I'd Like to Introduce My Friend, Commissioning

I recently introduced commissioning to a project team consisting of the owner, the construction manager, and the design engineers. This was at approximately the design development stage of the project, and in order to coordinate the quality control activities (e.g., installation, startup, and equipment testing) with the systems-based commissioning activities, I asked questions about the plans for construction-phase quality control. The answers were disappointingly vague, especially from an experienced and reputable construction management firm. (CM) The questions included the following:

  • How will equipment and component tests specified in Divisions 15 and 16 (pipe pressure tests, duct leakage tests, etc.) be tracked, witnessed, and documented?
  • How will the requirement that equipment startup be performed per the manufacturers' recommendations be monitored, enforced, and documented?
  • How will the mechanical contractor, TAB contractor, and controls contractor work be efficiently coordinated sufficiently ahead of project completion to ensure that systems operate as required prior to commissioning verification testing and building turnover?

All of these are normally specified subcontractor activities that a construction manager is typically responsible for overseeing. They are also critical incremental steps in the process of achieving the desired systems operation at the end of the project. Without following these steps to make sure that the components of systems perform properly, the systems themselves are less likely to perform when the components are called upon to operate together.

Who's Responsible for Quality Control?

In the commissioning meeting mentioned above, the representative from the CM firm struggled to explain a definitive program for quality control. He was adamant, though, about how difficult the fast-track building renovation was going to be and how his efforts needed to be spent meeting the schedule.

He essentially said that there wasn't time to plan those details and that they would be worked out in the field. When asked who would be responsible for quality control, he wasn't sure and noted that the project wasn't big enough to warrant a full-time quality manager.
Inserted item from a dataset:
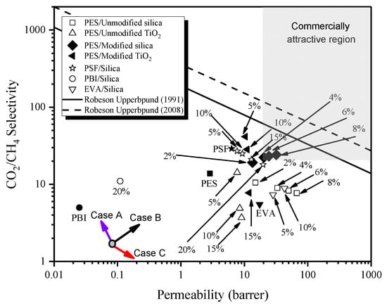 The increase in the permeability of MMMs is attributed to the creation of excess free volume in the membrane by disrupting the polymer chain packing and attachment of active functional groups on the filler surface, which have an affinity with target gas, i.e., CO2. The improvement in the selectivity of MMMs is attributed to the elimination of interfacial defects. Moreover, PES/modified silica MMMs fall in the commercially attractive region, as displayed by the grey area in the upper bound curve [48]. Therefore, PES/modified silica MMMs have emerged as a potential candidate for application in natural gas processing applications.

I interpreted that to mean that the quality control aspects were given very little thought and would probably be delegated to someone with other full-time responsibilities on the construction site. From a commissioning perspective, that was worrisome, because without contrators providing the requisite quality control checks along the way, the verification testing at the end of construction will be the "gate" at which quality control issues are discovered - a point too late in the process for smooth and inexpensive resolution of those problems.

Planning for Success

Why is it that there isn't time to plan quality control activities, responsibilities, and documentation processes at the beginning of a project, but there's always time to address quality control failures at the end of the job? Or is there? Maybe the contractors' experiences have been that when quality control problems are found at the end of construction, the owner doesn't have the appetite to enforce their correction, the owner's move-in schedule doesn't allow time for backing up and correcting the problems, and/or the responsibility for the problems is vague enough that no one is contractually held responsible. Unfortunately, these scenarios are more common than not and typically result in nonperforming buildings being turned over to the owner's operations staff to figure out.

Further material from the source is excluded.